» EXERCISE DIRECTIONS
Reproduce exactly, and only, the lines of the material below running from the line bearing "حبوبات : گیاهانی" through the line bearing "5. ábra: Aquincumi legionárius amphitheatrum". Leave any pictures out.

» SUPPLIED RECORDS

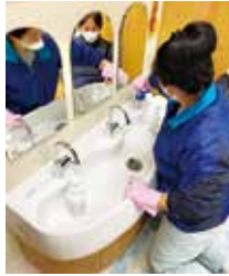
清掃業務に取り組む技能実習生の様子
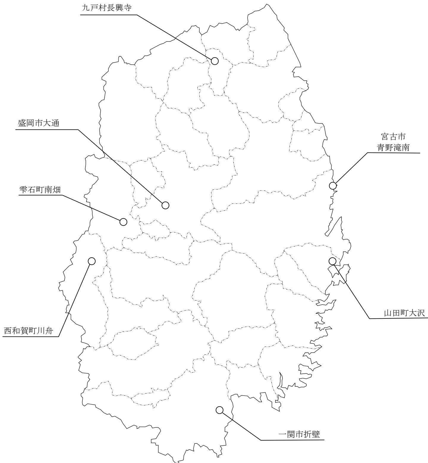
図3 平成26年度ダイオキシン類（地下水）モニタリング調査地点
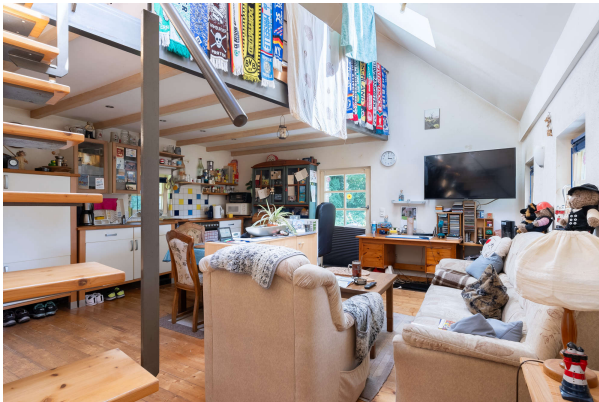
Wohn- und Essbereich Apartment 1
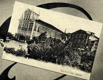
Teatro S. João - BAHIA
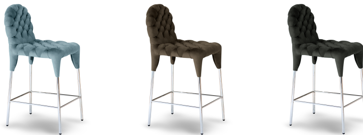
(左からベルベット：ブルーグレイ、エスプレッソブラウン、レザー：ブラック)

集シリーズとあわせて、ベルベットとレザーの2種類の生地からお選びいただけます。ベルベットは細かな起毛で光沢が美しく、夏は爽やか冬は暖かな肌触りを楽しめます。レザーは集ソファと同じイタリア製のレザーを贅沢に採用しました。しっとりとした豊かな質感をツールでもお楽しみいただけます。
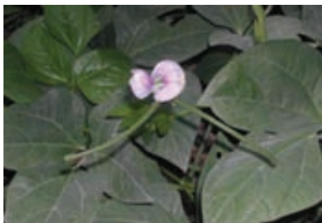
لوبیا چشم بلبلی

حبوبات : گیاهانی از تیره نخود هستند که به منظور تولید دانه کشت می شوند. این نوع گیاهان از نظر پروتئین غنی بوده و به مصرف تغذیه‌ی انسان و دام می‌رسند گونه‌های آن عبارتند از : نخود، لوبیا، ماش، عدس، باقلا، بادام زمینی، سویا، لوبیا چشم بلبلی، نخود فرنگی و... (شکل ۲-۲).
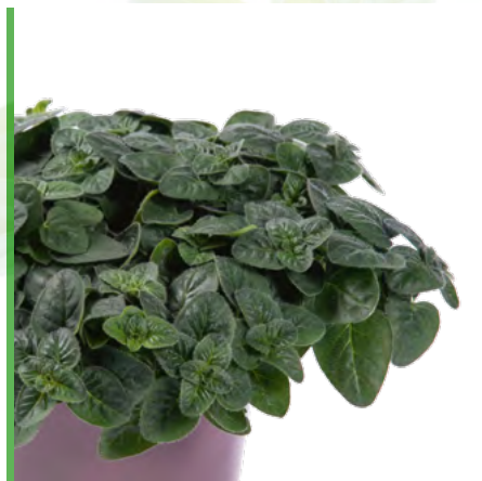
Origanum vulgare (Wilder Oregano) 73441
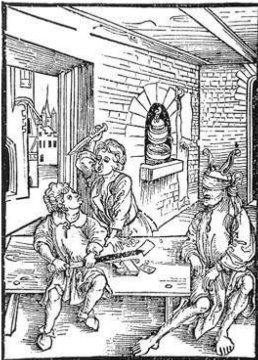
Sébastien Brant, La Nef des fous (1494) : De l'éducation des enfants 55
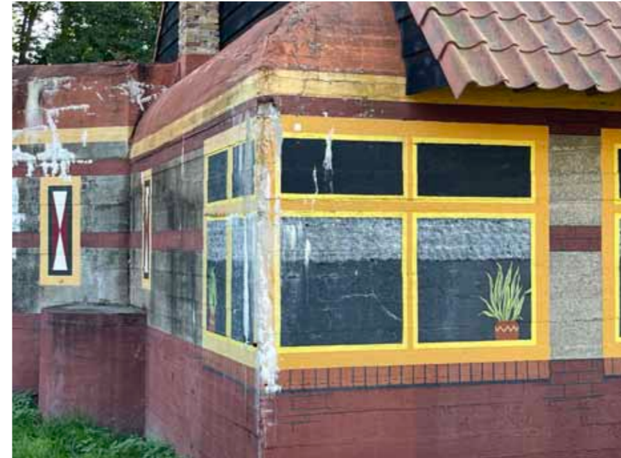
← Bunker met opnieuw aangebrachte schilderingen aan de Vlissingeweg te Middelburg

en kreeg het vliegveld Haamstede een belangrijke militaire functie voor de verdediging van Rotterdam, Zeeland en de luchtkonvoien voor Duitse schepen. Ook werd weer een hele reeks bunkers aangelegd om het vliegveld te verdedigen.
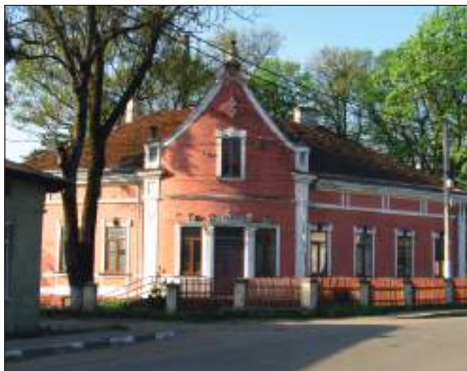
Колишня вілла Кляйнберга
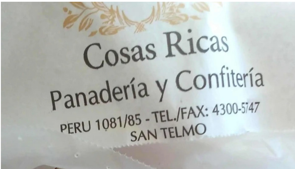
Cosas ricas cdad autonoma de buenos aires
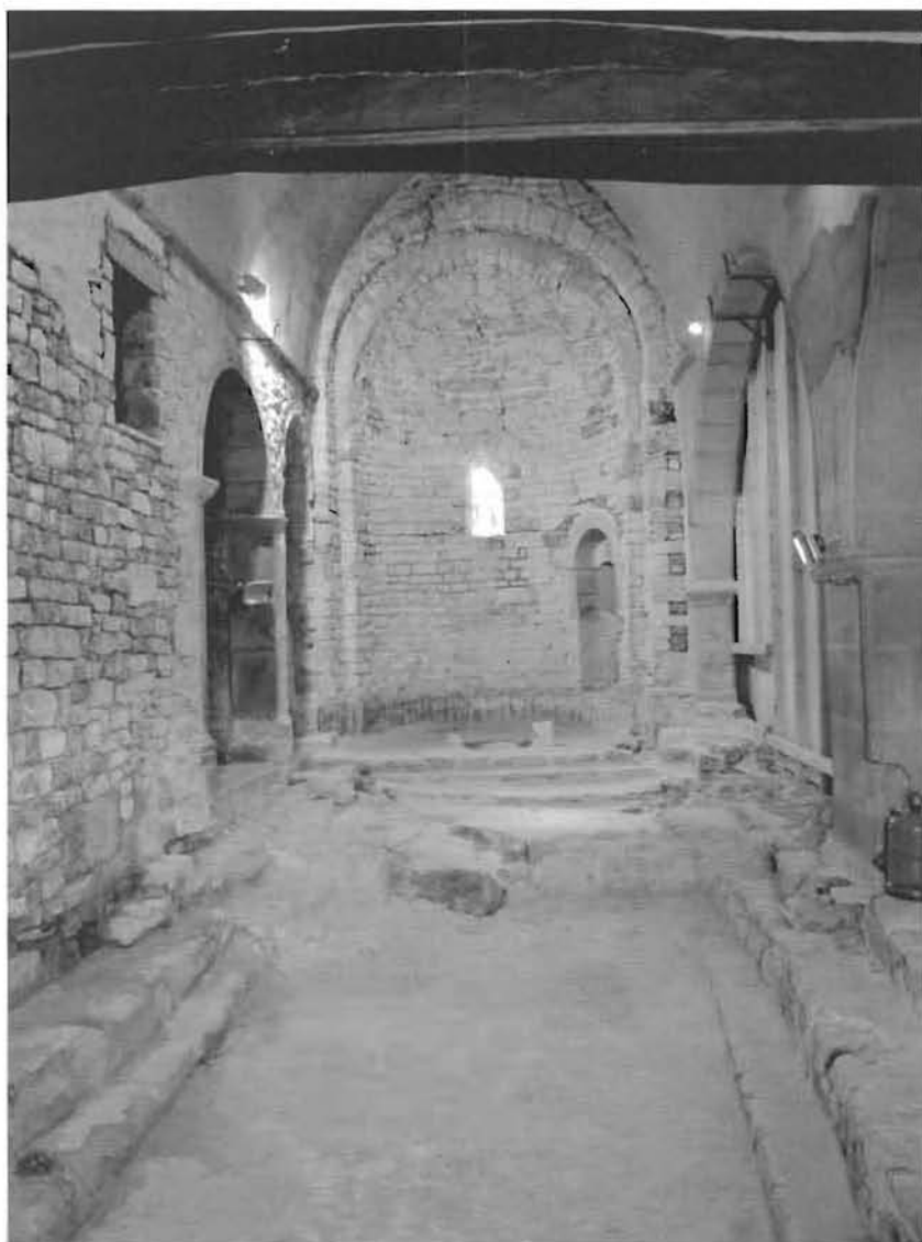
Figura 2. vista general de la nau principal de l'església de Sant Pere de Llorà. S'hi pot observar com sota el paviment actual es conservava, a nivell de circulació, un edifici preromànic que cal situar entorn al segle IX.
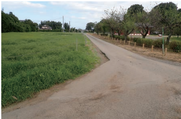
西門跡と指定地内の市道
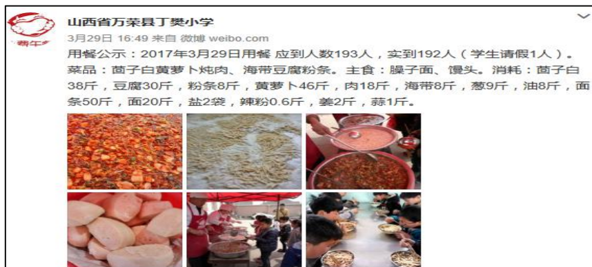
图 6 学校微博公示截图
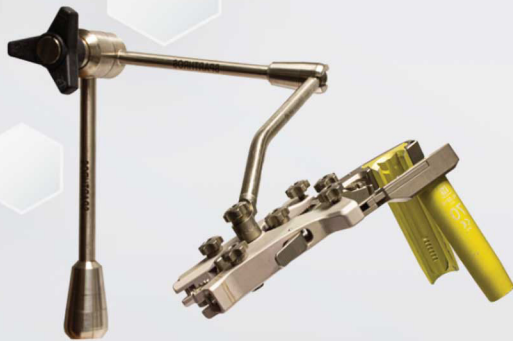
Retractor Phantom y brazo Articulado
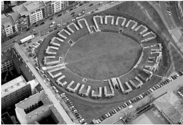
5. ábra: Aquincumi legionárius amphitheatrum

Az összehasonlításból kitűnik, hogy a katonai amphitheatrumok esetében fordított felállásról beszélhetünk, ugyanis ebben az esetben kétszer nagyobb az aquincumi aréna, mint a carnuntumi testvére. Szükséges kihangsúlyozni, hogy általában minden legiotáborhoz tartozott amphitheatrum, viszont elsődleges funkciójuk nem a tömegszórakoztatás volt, hanem a katonák felkészítése és kiképzése. Másodsorban színhelyül szolgálhatott katonai parádék számára, elítéltek kivégzésére és más hétköznapi események megrendezésére.
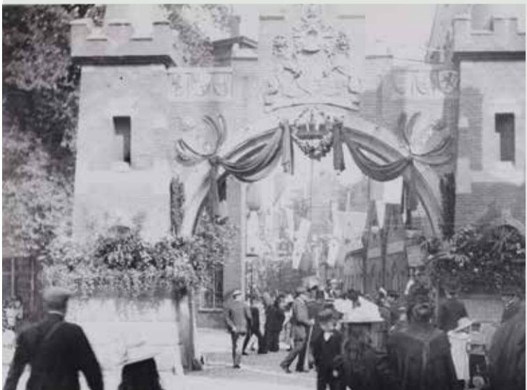
Erepoort Bickersplein 1898
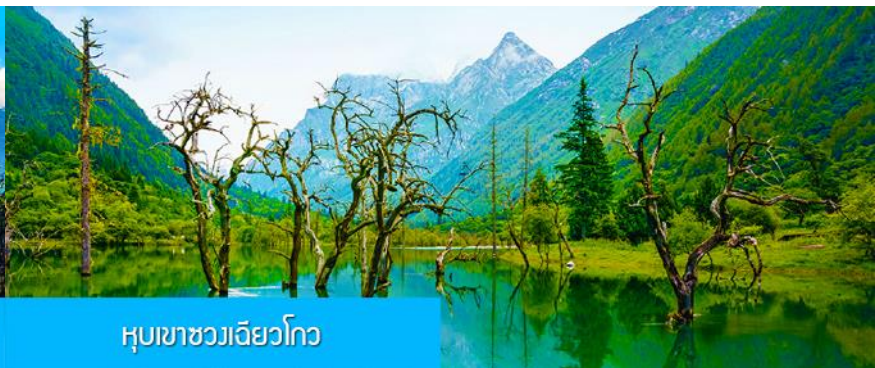
หุบเขาชวงเฉียวโกว
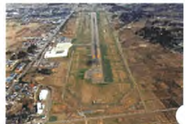
平成9年 滑走路2,500m整備 事業着手前の2,000m滑走路
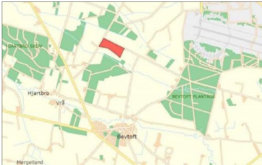
Figur a. Placering af biogasanlægget v. Hjartrbro

Projektet består samlet set af bygning af et biogasanlæg ved Hjartrbro, anlæg af en forbindelsesledning til biogas fra Hjartrbro til tilslutningen til naturgasnettet ca. 1.500 m øst for biogasanlægget.
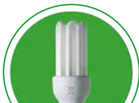
Lampe à LED
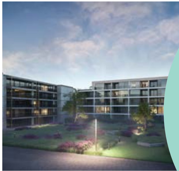
Twee woonvolumes met doorzonappartementen aan de Graaf van Loonstraat

In een eerste fase worden er rioleringswerken uitgevoerd in het noordelijk deel van de Graaf van Loonstraat. Deze werken starten net voor of na het bouwverlof.
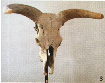
Abb. 3 Schädel eines Auerochsen.
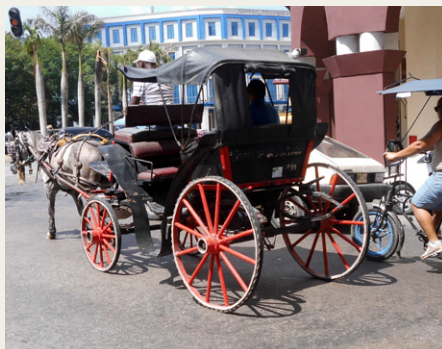
Lokal transportmiddel med biodynamisk motor.
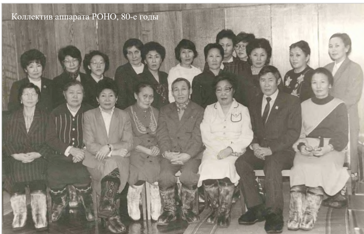
Коллектив аппарата РОНО, 80-е годы

» PROBLEM SOLUTION
حبوبات : گیاهانی از تیره نخود هستند که به منظور تولید دانه کشت می شوند. این نوع گیاهان از نظر پروتئین غنی بوده و به مصرف تغذیه‌ی انسان و دام می‌رسند گونه‌های آن عبارتند از : نخود، لوبیا، ماش، عدس، باقلا، بادام زمینی، سویا، لوبیا چشم بلبلی، نخود فرنگی و... (شکل ۲-۲).
Origanum vulgare (Wilder Oregano) 73441
Sébastien Brant, La Nef des fous (1494) : De l'éducation des enfants 55
← Bunker met opnieuw aangebrachte schilderingen aan de Vlissingeweg te Middelburg

en kreeg het vliegveld Haamstede een belangrijke militaire functie voor de verdediging van Rotterdam, Zeeland en de luchtkonvoien voor Duitse schepen. Ook werd weer een hele reeks bunkers aangelegd om het vliegveld te verdedigen.
Колишня вілла Кляйнберга
Cosas ricas cdad autonoma de buenos aires
Figura 2. vista general de la nau principal de l'església de Sant Pere de Llorà. S'hi pot observar com sota el paviment actual es conservava, a nivell de circulació, un edifici preromànic que cal situar entorn al segle IX.
西門跡と指定地内の市道
图 6 学校微博公示截图
Retractor Phantom y brazo Articulado
5. ábra: Aquincumi legionárius amphitheatrum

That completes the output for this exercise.